Breach law raised in NSW
The NSW opposition wants to force state government agencies to report data breaches.
Shadow attorney general Paul Lynch has reintroduced a bill seeking to establish a mandatory data breach notification scheme in NSW, matching the federal government’s.
The Privacy and Personal Information Protection Amendment (Notification of Serious Violations of Privacy by Public Sector Agencies) Bill would require state agencies to inform affected parties and the NSW Privacy Commissioner of any “serious” breach of privacy.
The bill would empower the NSW privacy commissioner to request information from agencies if it believes the agency caused or contributed to a serious breach.
Current laws do not require state government organisations , local councils, and organisations with a turnover of less than $3 million a year to comply with the federal reporting scheme.
The new private members bill is almost identical to a bill that was shot down in November 2017 on the grounds that further research and consultation was needed.
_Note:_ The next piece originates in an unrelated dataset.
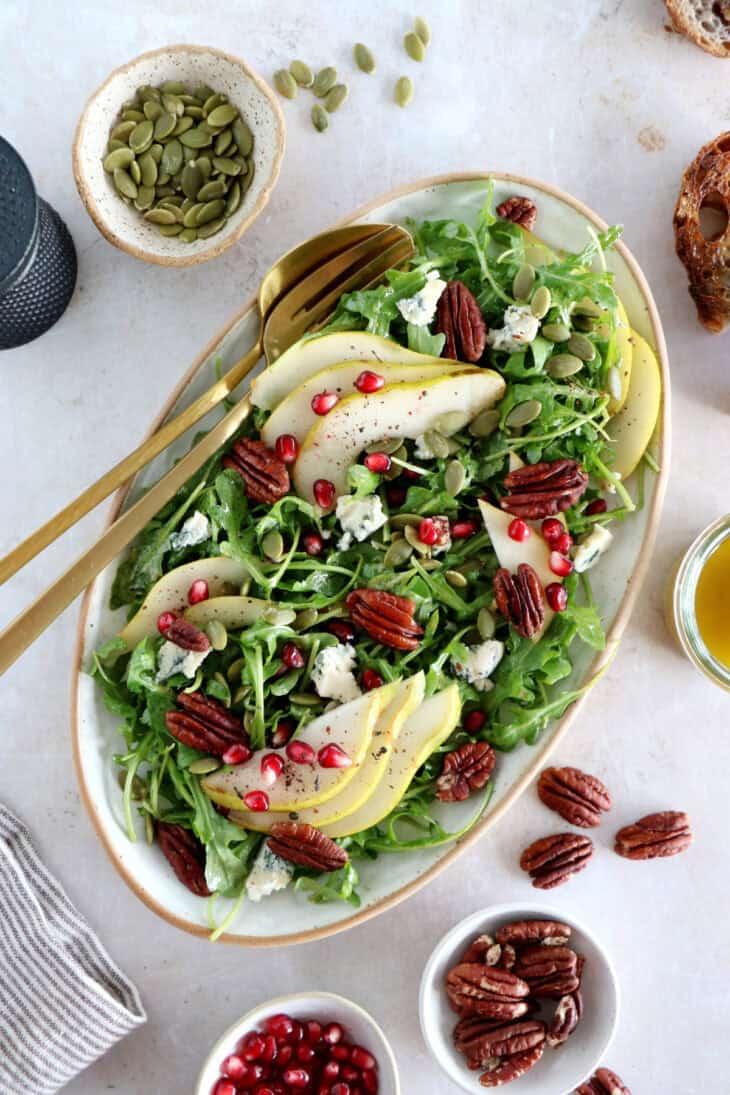 - Pour assembler la salade, placer la roquette dans un grand saladier avec les poires, les échalotes (si utilisation), les graines de grenade, les noix de pécan et les graines de courge. Verser la moitié de la vinaigrette et bien mélanger. Ajouter le bleu émietté ou coupé en dés et mélanger délicatement pour éviter d’écraser le fromage. Ajouter plus de vinaigrette au besoin, et servir aussitôt.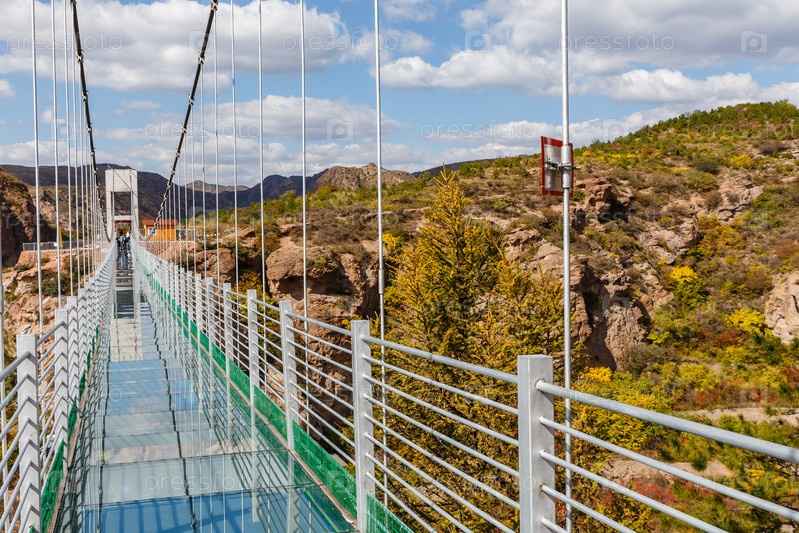 Стеклянный подвесной мост в горах, Китай

“That opposition at the time was unpersuasive and the effluxion of time has made the case for the bill even stronger,” NSW shadow attorney general Paul Lynch said.
Mr Lynch said the amendment’s change the state’s PIPPA act “in a small but significant way that is entirely unobjectionable albeit now quite topical”.
“As is frequently noted our legislation protecting privacy in this State dates from a time before the invention of the iPhone,” he said.
“It is no surprise that the legislation needs amendment and rejuvenation.”
The federal government’s mandatory data breach reporting scheme received over 1,100 notifications in its first year of operation - a 712 percent increase on the 159 voluntary notification received before the scheme was introduced.